What is being asked | Only the lines below from the one with "The above map" through the one with "Eine Bank nach" are to be written out, exactly and without any images.

-------- Records to process --------

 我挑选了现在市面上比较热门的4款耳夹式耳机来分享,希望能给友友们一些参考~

--------
-------- Records to process --------

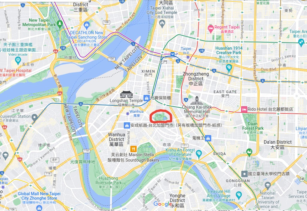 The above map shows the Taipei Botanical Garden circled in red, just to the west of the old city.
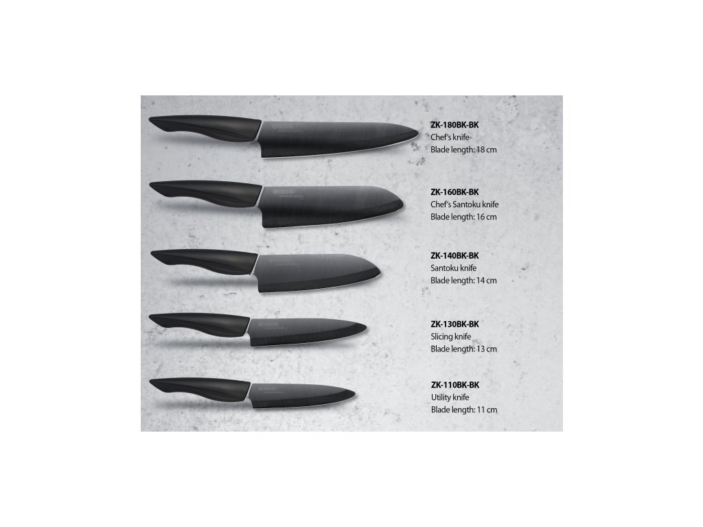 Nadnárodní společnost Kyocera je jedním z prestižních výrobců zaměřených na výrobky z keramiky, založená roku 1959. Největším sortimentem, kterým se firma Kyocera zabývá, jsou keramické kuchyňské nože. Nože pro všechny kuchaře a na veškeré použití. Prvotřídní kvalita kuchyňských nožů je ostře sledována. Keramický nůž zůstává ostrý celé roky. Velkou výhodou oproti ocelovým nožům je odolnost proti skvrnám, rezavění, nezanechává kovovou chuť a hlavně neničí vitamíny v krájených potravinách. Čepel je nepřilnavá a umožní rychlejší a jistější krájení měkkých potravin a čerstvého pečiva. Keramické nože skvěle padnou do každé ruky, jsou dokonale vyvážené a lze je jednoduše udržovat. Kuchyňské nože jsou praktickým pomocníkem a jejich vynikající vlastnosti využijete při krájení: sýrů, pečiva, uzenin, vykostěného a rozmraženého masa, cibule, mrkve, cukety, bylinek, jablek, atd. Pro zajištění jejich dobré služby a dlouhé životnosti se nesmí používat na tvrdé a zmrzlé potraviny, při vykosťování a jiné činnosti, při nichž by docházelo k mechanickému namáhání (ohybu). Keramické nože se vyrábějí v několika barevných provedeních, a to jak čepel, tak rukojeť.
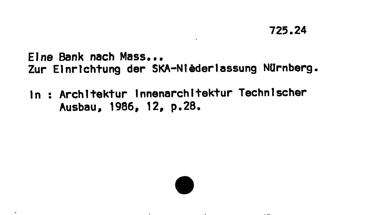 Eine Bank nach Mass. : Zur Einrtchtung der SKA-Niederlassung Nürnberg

--------

Solution for this task |
 The above map shows the Taipei Botanical Garden circled in red, just to the west of the old city.
 Nadnárodní společnost Kyocera je jedním z prestižních výrobců zaměřených na výrobky z keramiky, založená roku 1959. Největším sortimentem, kterým se firma Kyocera zabývá, jsou keramické kuchyňské nože. Nože pro všechny kuchaře a na veškeré použití. Prvotřídní kvalita kuchyňských nožů je ostře sledována. Keramický nůž zůstává ostrý celé roky. Velkou výhodou oproti ocelovým nožům je odolnost proti skvrnám, rezavění, nezanechává kovovou chuť a hlavně neničí vitamíny v krájených potravinách. Čepel je nepřilnavá a umožní rychlejší a jistější krájení měkkých potravin a čerstvého pečiva. Keramické nože skvěle padnou do každé ruky, jsou dokonale vyvážené a lze je jednoduše udržovat. Kuchyňské nože jsou praktickým pomocníkem a jejich vynikající vlastnosti využijete při krájení: sýrů, pečiva, uzenin, vykostěného a rozmraženého masa, cibule, mrkve, cukety, bylinek, jablek, atd. Pro zajištění jejich dobré služby a dlouhé životnosti se nesmí používat na tvrdé a zmrzlé potraviny, při vykosťování a jiné činnosti, při nichž by docházelo k mechanickému namáhání (ohybu). Keramické nože se vyrábějí v několika barevných provedeních, a to jak čepel, tak rukojeť.
 Eine Bank nach Mass. : Zur Einrtchtung der SKA-Niederlassung Nürnberg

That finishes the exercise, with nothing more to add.